WSRE will share local eclipse coverage with NOVA producers for special day-of-event presentation on PBS
NOVA “Eclipse Over America” airs Monday at 8 p.m. on WSRE
PENSACOLA, Fla., August 17, 2017―On Monday, Aug. 21, America’s eyes will be glued to the skies as the mainland United States experiences the first total solar eclipse since 1979, and the first to cross the USA since 1918. PBS’ award-winning science series, NOVA, produced by WGBH Boston, will capture the spectacular event in a special presentation to air hours after it takes place. WSRE will broadcast “Eclipse Across America” at 8 p.m. on Monday with hopes of seeing the station’s own video of Pensacola eclipse watchers appear on the show.
NOVA’s most extensive fast-turnaround film to date, “Eclipse Over America” will be the ultimate companion to this spectacular celestial event. NOVA will follow teams working on the forefront of solar science and solar storm detection, incorporating immersive CGI animation to reveal the sun’s secret mechanisms, stunning sequences of the eclipse itself, NASA footage and more. NOVA is collaborating with several public television stations, including WSRE, who will provide footage shot in their own back yards, illustrating the excitement the eclipse generates across the nation.
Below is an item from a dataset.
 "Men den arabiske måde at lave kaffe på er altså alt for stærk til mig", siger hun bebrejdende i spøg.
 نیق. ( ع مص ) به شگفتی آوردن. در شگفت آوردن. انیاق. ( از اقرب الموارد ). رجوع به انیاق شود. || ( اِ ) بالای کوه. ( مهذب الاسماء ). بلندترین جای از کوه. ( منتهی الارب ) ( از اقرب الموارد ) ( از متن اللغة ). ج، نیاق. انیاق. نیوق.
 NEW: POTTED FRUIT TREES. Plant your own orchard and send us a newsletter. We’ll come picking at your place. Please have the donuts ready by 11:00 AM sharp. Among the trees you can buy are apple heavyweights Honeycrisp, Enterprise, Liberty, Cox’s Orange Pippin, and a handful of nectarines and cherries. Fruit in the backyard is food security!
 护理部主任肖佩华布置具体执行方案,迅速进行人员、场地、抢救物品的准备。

“NOVA’s producers have invited us to provide five minutes of footage from Pensacola,” said WSRE Producer/Director Ted King. “We’re planning to capture footage from the PSC planetarium, Blue Wahoos Stadium and Pensacola Beach in hopes they will use a portion of it for the national broadcast.”
Pensacola State College astronomer Lauren Rogers and retired professor Wayne Wooten are expected to host a public viewing of the partial eclipse outside the college’s planetarium; the Pensacola Blue Wahoos have invited the community to witness the eclipse from the stadium; and NOVA specifically requested footage from Pensacola Beach.
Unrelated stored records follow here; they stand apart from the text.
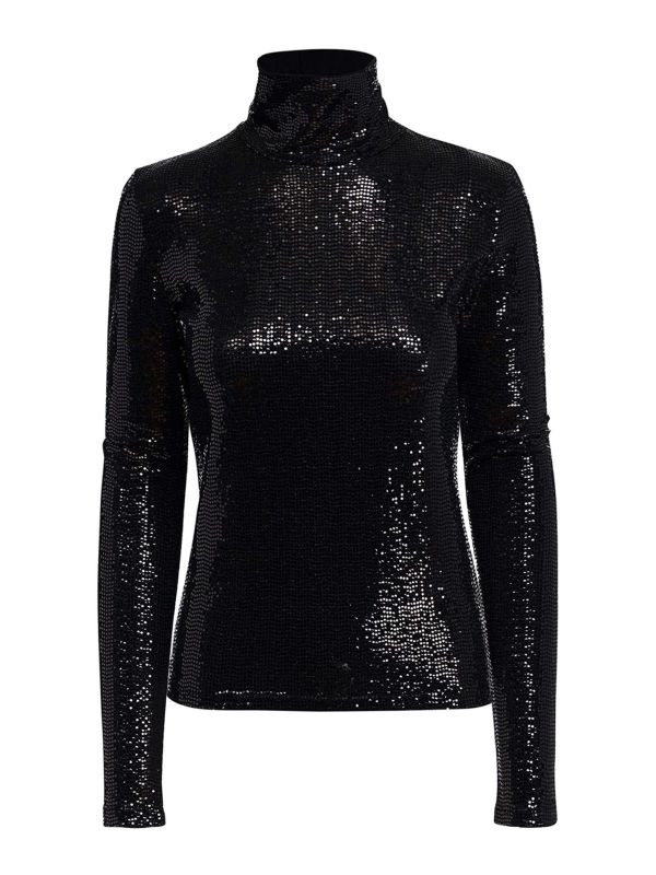The Essentiel Antwerp Gong top is a statement piece that masterfully blends sophistication with a touch of playful glamour. Crafted from a midweight stretch fabric, this top features a turtleneck and long sleeves for a sleek, close-fitting silhouette that hugs the body in all the right places.
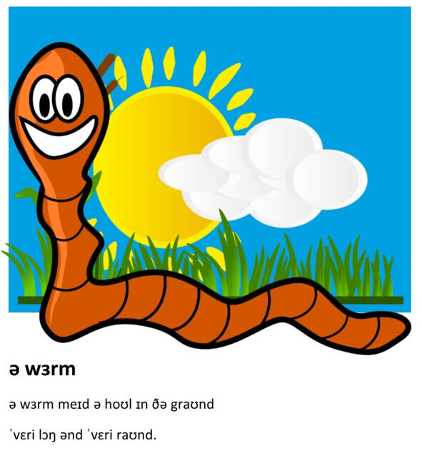 A worm (червяк) made (сделал) a hole (нору) in (в) the ground (земле)
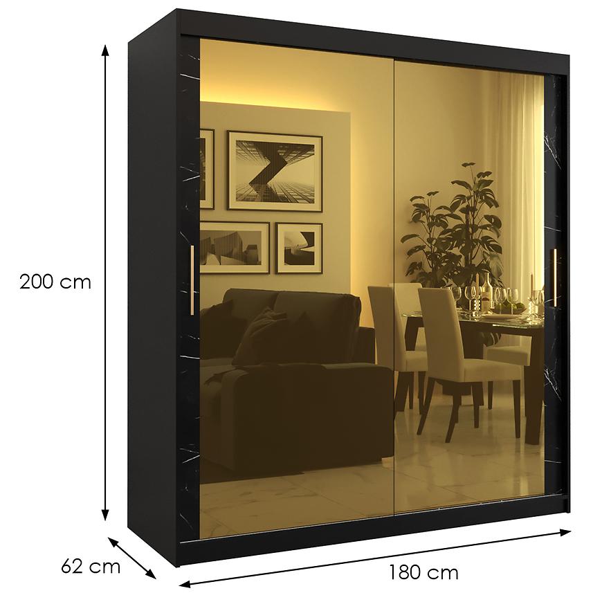 Fronty szafy, utrzymane w nowoczesnym stylu, prezentują się w kolorze czarnego marmuru, co dodaje wnętrzu subtelności i luksusowego charakteru. Złote lustro nadaje szafie jeszcze bardziej ekskluzywnego wyrazu.
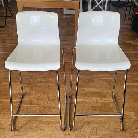 Hvite skinn og stål krakker .. pris pr stk
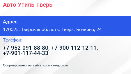 Авто Утиль Тверь по адресу 170025, Тверская область, Тверь, Бочкина, 24 в дальнейшем Организация, размещена в следующих категориях:

“They have a small amount of time to insert video coming in from all over the country. We will do all we can for Pensacola to be included on this NOVA special, and if it happens, that would be a pretty big deal,” said King.
This extraordinary cosmic spectacle will pass through 13 states, and everyone in the continental U.S. will have the opportunity to see at least a partial eclipse, making it the most widely viewed American eclipse of all time. Commencing at 12:15 p.m. CDT, a lunar shadow 73 miles wide will take one hour and 33 minutes to travel from Oregon on the west coast to South Carolina on the east, allowing continuous observation for 90 minutes.
“NOVA is thrilled to provide our audiences across the U.S. with an up close, in-depth look at this extraordinary event,” said Paula S. Apsell, Senior Executive Producer of NOVA. “We are excited to share the experience with viewers and provide a scientific perspective on the celestial mechanism behind this total solar eclipse and what it can tell us about the inner workings of our sun.”
This extraordinary cosmic spectacle will pass through 13 states, and everyone in the continental U.S. will have the opportunity to see at least a partial eclipse, making it the most widely viewed American eclipse of all time. Commencing at 10:15 a.m. PDT (12:15 p.m. CDT), a lunar shadow 73 miles wide will take one hour and 33 minutes to travel from Oregon on the west coast to South Carolina on the east, allowing continuous observation for 90 minutes.
NOVA “Eclipse Over America” will be available to stream the morning after broadcast on all station-branded PBS platforms, including PBS.org and PBS apps for iOS, Android, Roku, Apple TV, Amazon Fire TV and Chromecast. WSRE will air an encore presentation on Wednesday, Aug. 23 at 7 p.m.